In Search of a Lost Paradise is a 2015 German-Russian documentary by Evgeniy Tsymbal and Alexander Smoljanski which tells the story of Russian artist Valentina Kropivnitskaya and her husband, the artist Oscar Rabin.

Aside from the biography of the artists, the film also addresses their unconventional thoughts about twentieth-century art. The director, Evgeny Tsymbal, one of the most internationally acclaimed contemporary Russian documentary filmmakers (BAFTA, FIPRESCI and 30 other awards), recounts this refugee success story of an artist who was true to her talent and never gave into the pressures of life.

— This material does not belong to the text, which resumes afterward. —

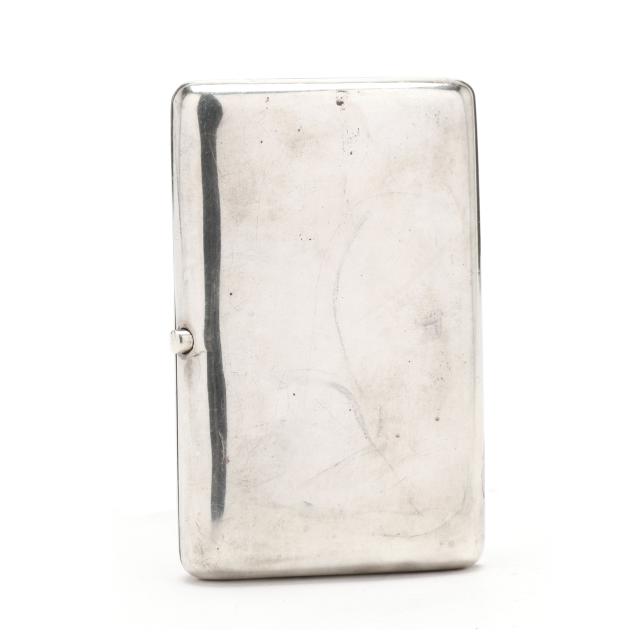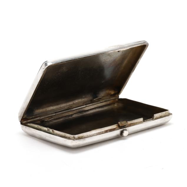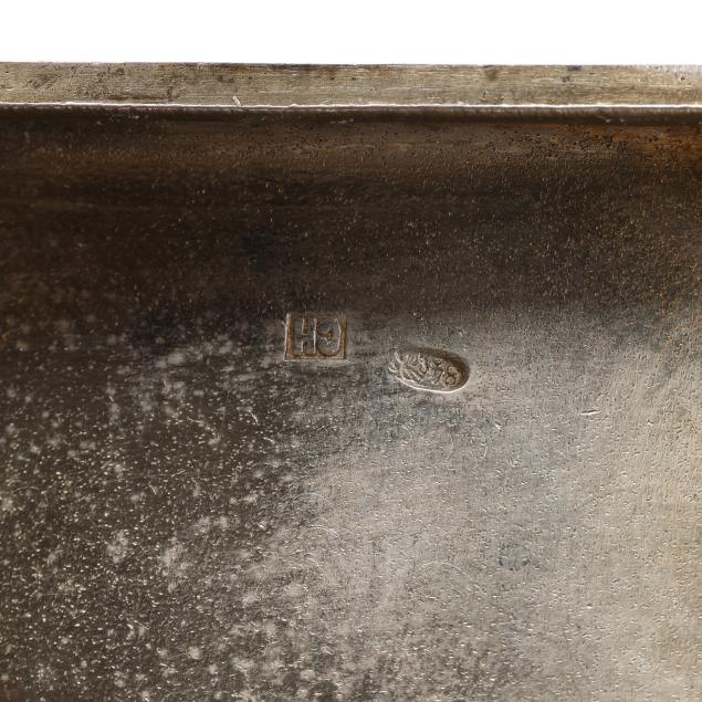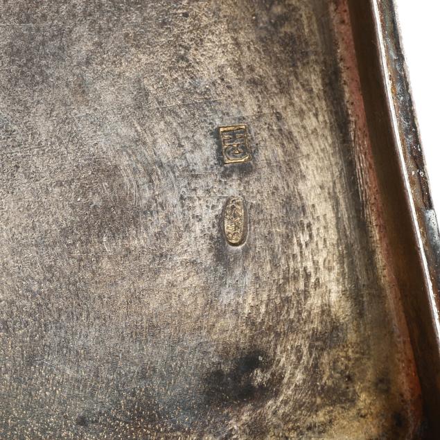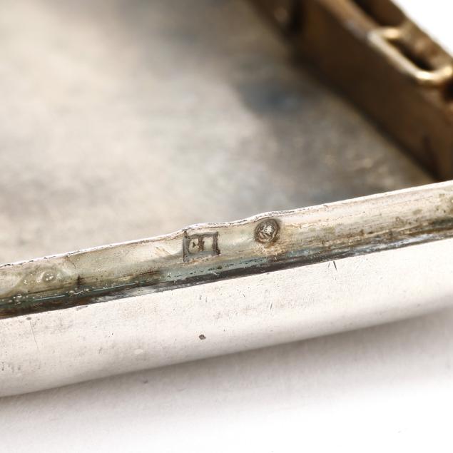 1896-1908 period kokoshnik mark, 84 zolotniki, "CH" maker's mark in conforming rectangular punch, rectangular form with hinged cover featuring a botanical engraving, no monogram.

In Search of a Lost Paradise is the recipient of a Nika award 2016 for Best Documentary Feature.

Background 
In 1974, Rabin and Kropivnitskaya organized a prohibited open-air art exhibition, which was smashed by the KGB using bulldozers. The following day the event was publicized worldwide. In 1977, Oscar Rabin was placed under house arrest and shortly thereafter, the family was exiled from the USSR and stripped off their citizenship. However, this historical event forced the Soviets to change their stance regarding art.

They came to France without any money and not knowing a single word of French - they nevertheless continued pursuing their artistic passion, and gradually became famous painters.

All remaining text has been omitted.